We live in a Church that loves acronyms: DAC, CDM, IME, CME, DDO, ADDO, and so on. Acronyms make people sound busy. So, this afternoon, I want to suggest a new acronym: BASac. Because at heart, a priest exists—Fr Philip exists—to do only three things. He exists to bless, to absolve, and to sacrifice. BASac. Everything else is secondary.
Priests exist to bless. People, for example: babies, and others, as they come to be washed in the waters of salvation through the sacrament of baptism. Husband and wife as they commit to holy matrimony. The dying, as they receive the last rites of the Church. A priest blesses things: homes, items of devotion, food. A priest also blesses the gathered Christian assembly collectively when at the end of a Mass or other act of worship they are sent out into the world to do there the things they have learned in church. So a priest blesses.
A priest also absolves. In my experience, the only thing more joyful for a priest than making his own confession is hearing the confession of others—hearing, as Pope Francis has recently reminded us, not as a man hears, but as God hears. In the sacrament of reconciliation, the priest is the minister, the channel and the agent of God’s reconciling love, as sins are washed away and the purity of baptism is restored. A priest absolves.
Finally, and above all else, a priest exists to offer sacrifice. A lot of people in the Church today take Humpty Dumpty as their guide here, making words mean whatever they want them to mean, as they use the terminology of priesthood whilst stripping it of all reference to sacrifice. But in the ancient world, Judaism included, priesthood and sacrifice were inextricably linked. In the new dispensation, as it emerged out of Jewish tradition and custom, it continued to be, as it remains, the role of the priest to offer sacrifice. The Catholic priest represents the once-for-all offering of Christ, so that his atoning work upon the Cross is ‘proclaimed and made effective in the Church’ [ARCIC, see ODCC, p.571]. And through this unbloody sacrifice (this holy sacrifice, with its spotless victim), bread and wine become the body and blood of Christ, man partakes of God, and time is swept up—for a moment—into eternity. All this happens at the hands of God’s priest, for that is what he exists to do, through the power and working of the Holy Spirit.

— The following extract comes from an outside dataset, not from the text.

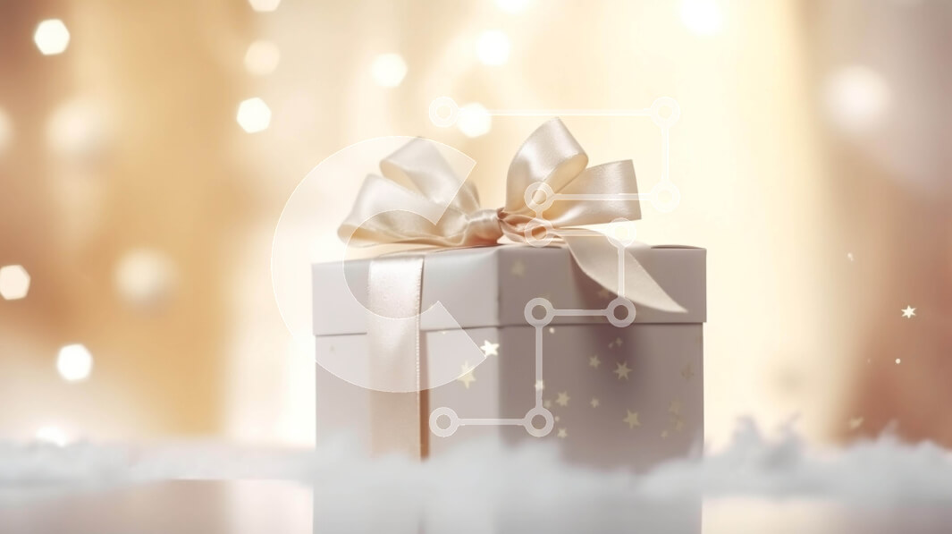 Intra Συλλεκτικό Ξύλινο Παζλ Plywood 4mm - Λευκό κουτί δώρου σε διακοσμημένο τραπέζι μπροστά από το χριστουγεννιάτικο δέντρο Σε Ξύλινο Κουτί - Διαστάσεις: 10x10 cm – 25 κομμάτια
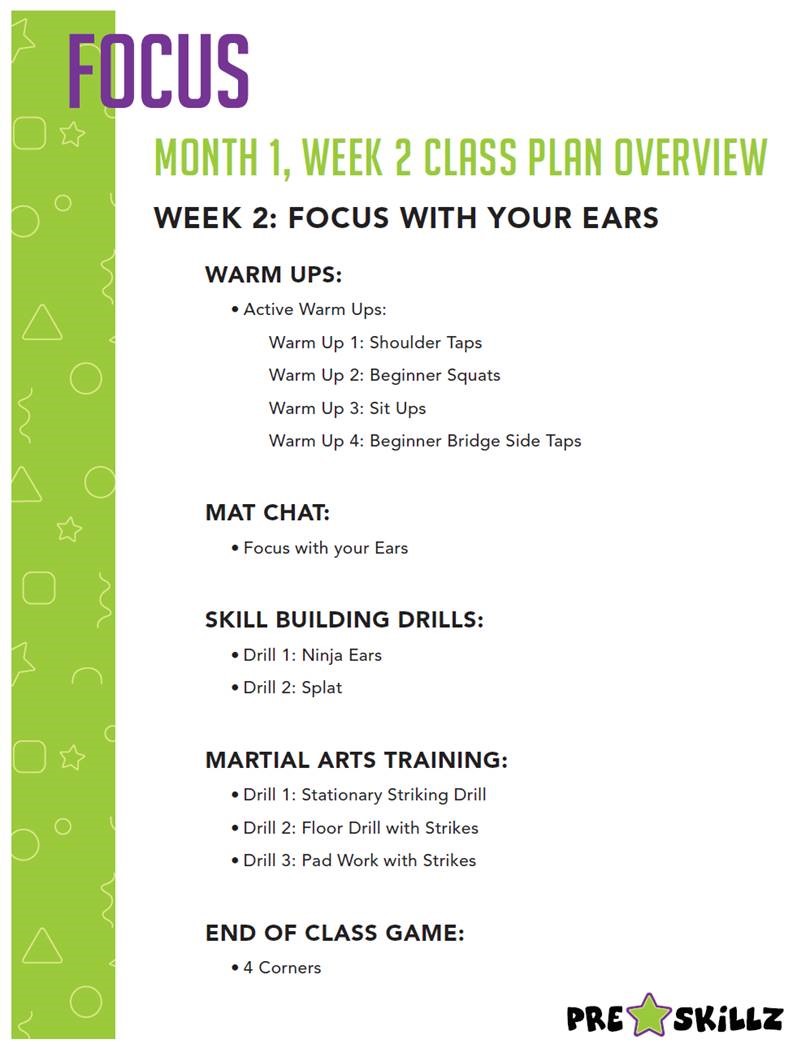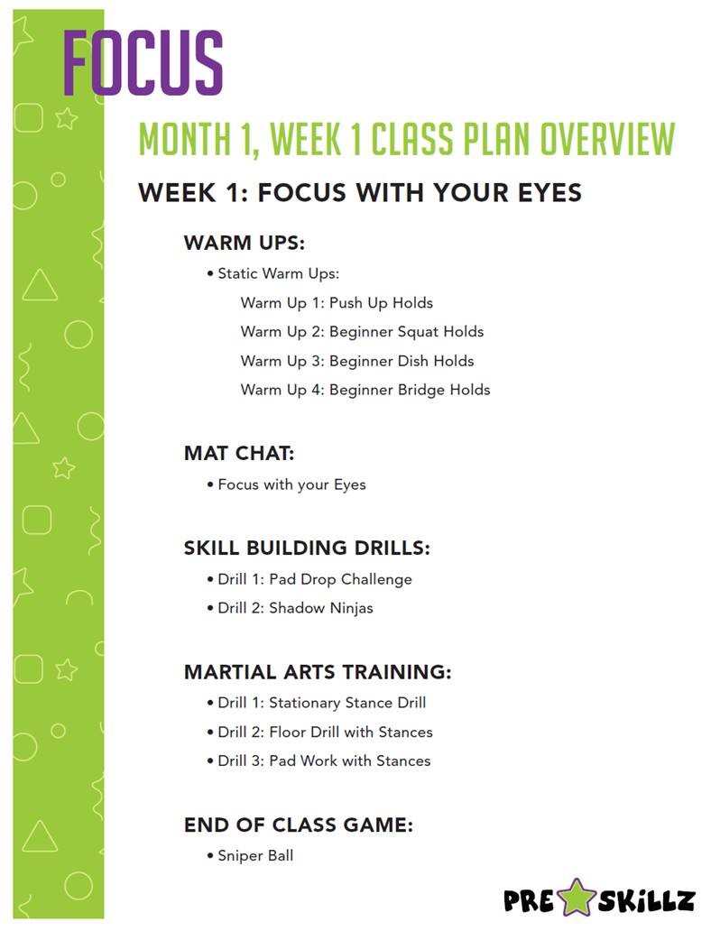 Here is a class plan we used for the first and second week of the PreSKILLZ program.

Ten years ago to this day, Fr Philip celebrated Mass for the first time in Worksop Priory. Fr Davage, the preacher on that occasion, spoke of how all eternity had waited for that very moment, the moment when this new priest offered the Sacrifice of the Mass for the first time. Well today, all eternity waits and trembles again as Fr Philip prepares to offer the very same sacrifice once more—the sacrifice which turns bread and wine into God himself, which is offered for the salvation of the whole world, and which transforms each and every one of us who will receive of it.
As we join eternity in waiting for that moment, we might remember those words from the Letter to the Hebrews: ‘As we go in [to the sanctuary], let us be sincere in heart and filled with faith, our hearts sprinkled and free from any trace of bad conscience, and our bodies washed with pure water. Let us keep firm in the hope we profess, because the one who made the promise is trustworthy.’ [Hebrews 10: 22–23]
Fr Philip, today we give thanks to Jesus Christ for the 10 years in which you have shared in his priesthood. We give thanks for the BASacs, and all the many gifts and joys that have flowed from them. And we ask God’s blessing upon you, for many, many more years of priestly ministry to come.
Fr Ian McCormack is the Clerical Vice-Chairman of Forward in Faith. This homily was preached to mark the 10th Anniversary of the Ordination to the Priesthood of Fr Philip Corbett, the Editor of New Directions, at St Stephen’s Lewisham.